Copy nothing from the entries below except the lines from the one containing "When the values" through the one containing "- Imagem 5 - O", and copy those exactly.

■ DATA TO EXAMINE ■
>>

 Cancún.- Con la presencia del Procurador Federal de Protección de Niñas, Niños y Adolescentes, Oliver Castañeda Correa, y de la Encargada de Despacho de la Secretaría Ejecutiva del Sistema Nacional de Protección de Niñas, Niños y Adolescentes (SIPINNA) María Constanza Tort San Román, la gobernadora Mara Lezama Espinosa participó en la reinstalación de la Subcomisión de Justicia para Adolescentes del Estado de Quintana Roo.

<<
>>

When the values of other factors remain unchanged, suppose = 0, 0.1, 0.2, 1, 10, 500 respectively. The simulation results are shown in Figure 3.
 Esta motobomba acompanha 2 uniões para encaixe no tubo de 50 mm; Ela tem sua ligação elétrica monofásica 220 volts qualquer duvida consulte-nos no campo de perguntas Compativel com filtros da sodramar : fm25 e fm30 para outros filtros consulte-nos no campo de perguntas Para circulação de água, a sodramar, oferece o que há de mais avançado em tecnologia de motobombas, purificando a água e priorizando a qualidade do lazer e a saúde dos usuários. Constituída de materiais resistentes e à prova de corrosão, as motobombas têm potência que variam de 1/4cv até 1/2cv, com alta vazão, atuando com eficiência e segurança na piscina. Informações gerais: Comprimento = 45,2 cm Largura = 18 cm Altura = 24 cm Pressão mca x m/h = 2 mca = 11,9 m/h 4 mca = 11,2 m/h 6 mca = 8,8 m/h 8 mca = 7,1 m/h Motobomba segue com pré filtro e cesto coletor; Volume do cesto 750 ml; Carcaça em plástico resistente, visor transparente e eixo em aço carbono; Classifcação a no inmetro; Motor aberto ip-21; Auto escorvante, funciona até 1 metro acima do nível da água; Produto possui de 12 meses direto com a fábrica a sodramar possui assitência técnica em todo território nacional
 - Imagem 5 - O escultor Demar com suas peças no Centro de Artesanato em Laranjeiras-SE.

<<

■ COMPLETED TASK ■
When the values of other factors remain unchanged, suppose = 0, 0.1, 0.2, 1, 10, 500 respectively. The simulation results are shown in Figure 3.
 Esta motobomba acompanha 2 uniões para encaixe no tubo de 50 mm; Ela tem sua ligação elétrica monofásica 220 volts qualquer duvida consulte-nos no campo de perguntas Compativel com filtros da sodramar : fm25 e fm30 para outros filtros consulte-nos no campo de perguntas Para circulação de água, a sodramar, oferece o que há de mais avançado em tecnologia de motobombas, purificando a água e priorizando a qualidade do lazer e a saúde dos usuários. Constituída de materiais resistentes e à prova de corrosão, as motobombas têm potência que variam de 1/4cv até 1/2cv, com alta vazão, atuando com eficiência e segurança na piscina. Informações gerais: Comprimento = 45,2 cm Largura = 18 cm Altura = 24 cm Pressão mca x m/h = 2 mca = 11,9 m/h 4 mca = 11,2 m/h 6 mca = 8,8 m/h 8 mca = 7,1 m/h Motobomba segue com pré filtro e cesto coletor; Volume do cesto 750 ml; Carcaça em plástico resistente, visor transparente e eixo em aço carbono; Classifcação a no inmetro; Motor aberto ip-21; Auto escorvante, funciona até 1 metro acima do nível da água; Produto possui de 12 meses direto com a fábrica a sodramar possui assitência técnica em todo território nacional
 - Imagem 5 - O escultor Demar com suas peças no Centro de Artesanato em Laranjeiras-SE.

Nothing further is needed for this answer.